Canadian singer-songwriter and musician

Alex Henry Foster is a Canadian artist, singer, musician, writer and activist, best known for being the singer and frontman of the Montreal band Your Favorite Enemies. The band was founded in 2006 and nominated for a Juno Award for their album Between Illness and Migration in 2015. In 2018, Foster announced the release of a first solo project, Windows in the Sky, through Hopeful Tragedy Records and Sony Music / The Orchard. His first solo album reached number 6 on the Billboard Canadian Albums Chart on the second week of its release. Alex Henry Foster was nominated at ADISQ for the first time in 2019 with his first solo effort "Windows in the Sky" for Anglophone album of the year.

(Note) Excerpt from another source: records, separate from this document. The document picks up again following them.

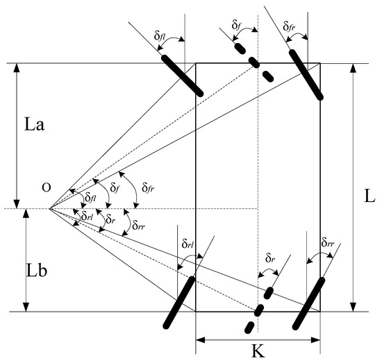 where La is the distance from the steering instantaneous center of the circle to the front axle and Lb is the distance from the steering instantaneous center of the circle to the rear axle. Transforming Equation (9), the expressions of La and Lb are
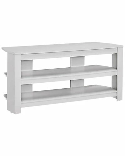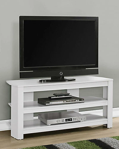 - Design details: Made from particle board, laminate; Two open concept shelves for audio visual components, gaming devices; Accommodates all TV sizes with a center stand; Crisp white finish; Contemporary/Transitional style blends well with any decor
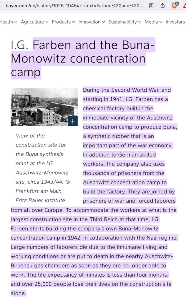 Bayer is no stranger to risk and controversy. During World War 2, as part of I.G. Farben’s network it ran its own concentration camp to produce war materials, admitting on its website to working 25,000 slave laborers to death.

In 2020, Alex Henry Foster and his band The Long Shadows went on their first tour, alongside ...And You Will Know Us by the Trail of Dead, playing concerts all across Europe.

On May 1, 2020, his first solo record entitled Windows in the Sky was released worldwide, with the launching event taking place on the online portal of Prog, through the broadcast of a 60-minute concert, live from Alex Henry Foster's studio established in a former Catholic church near Montreal city. He was also interviewed by Rolling Stone France upon his album release and was featured on the front page of the magazine.

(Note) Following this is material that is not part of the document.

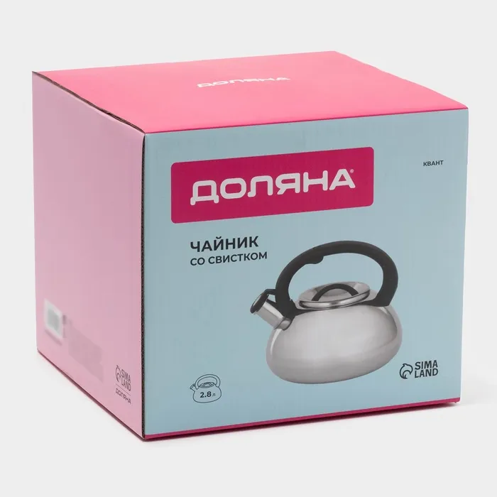 Чайник Доляна «Квант», 2.8 л, со свистком, фиксированная ручка, нержавеющая сталь, хромированный — Характеристики

On April 16, 2021, he released his first live album, Standing Under Bright Lights, taken from his live performance at the 40th Festival International de Jazz de Montréal. His sold-out concert was one of the most anticipated and successful shows of the festival. The album was given a 4.5/5 stars review by Le Devoir and 5/5 star reviews and got acclaimed in worldwide press coverage.

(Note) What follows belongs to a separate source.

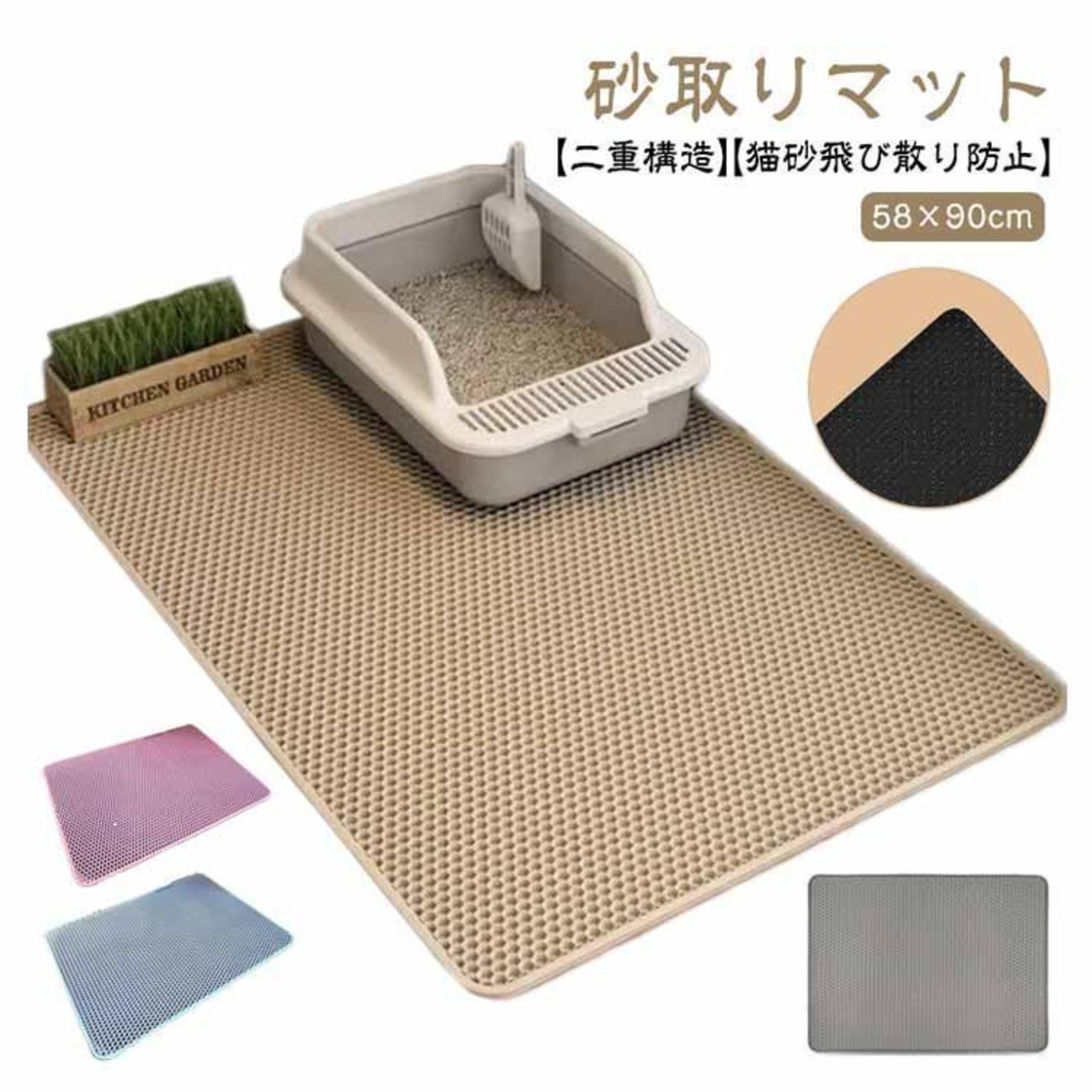 新品 砂取りマット 猫砂 58×90cm マット 砂取りマット トイレマット 特大 猫砂キャッチャー 猫 猫砂飛び散り防止 猫砂マット 二重構造 滑り止め 清潔 お手入れ簡単 マット kkklin | オキナ商店

The week following its release, it made its Australian charts debut at No. 6 on the ARIA Top 50 Albums charts and reached the 4th position of the "Top 20" of UK's Official Independent Album Breakers Chart, No. 13 in the "Top 50" of the Official Independent Albums Chart, and No. 32 in the Top 100 "Official Albums Sales Chart".

The live album charted at No. 4 on the Billboard Canadian Albums chart, No. 18 in the Emerging Artists chart No. 31 in the Current Album Sales chart and No. 55 of the Album Sales chart, with FYI Music news confirming that the album scored the highest album sales for the week. In the week of April 30, 2021 to May 6, 2021, it made its entry in the Irish Albums Chart at No. 17 of the Top 50 and was the most downloaded album of the week.

In August 2021, Foster became the owner of the Moroccan boutique hotel "La Maison de Tanger", an oasis in the heart of the old city of Tangier and sought for by an international clientele for more than two decades.

On September 22, 2021, his live album Standing Under Bright Lights received an ADISQ nomination in the category "Sound Engineer of the Year", rewarding Ben Lemelin's work, Foster's longtime creative partner. In 2022, he released the cover single "The Power of the Heart".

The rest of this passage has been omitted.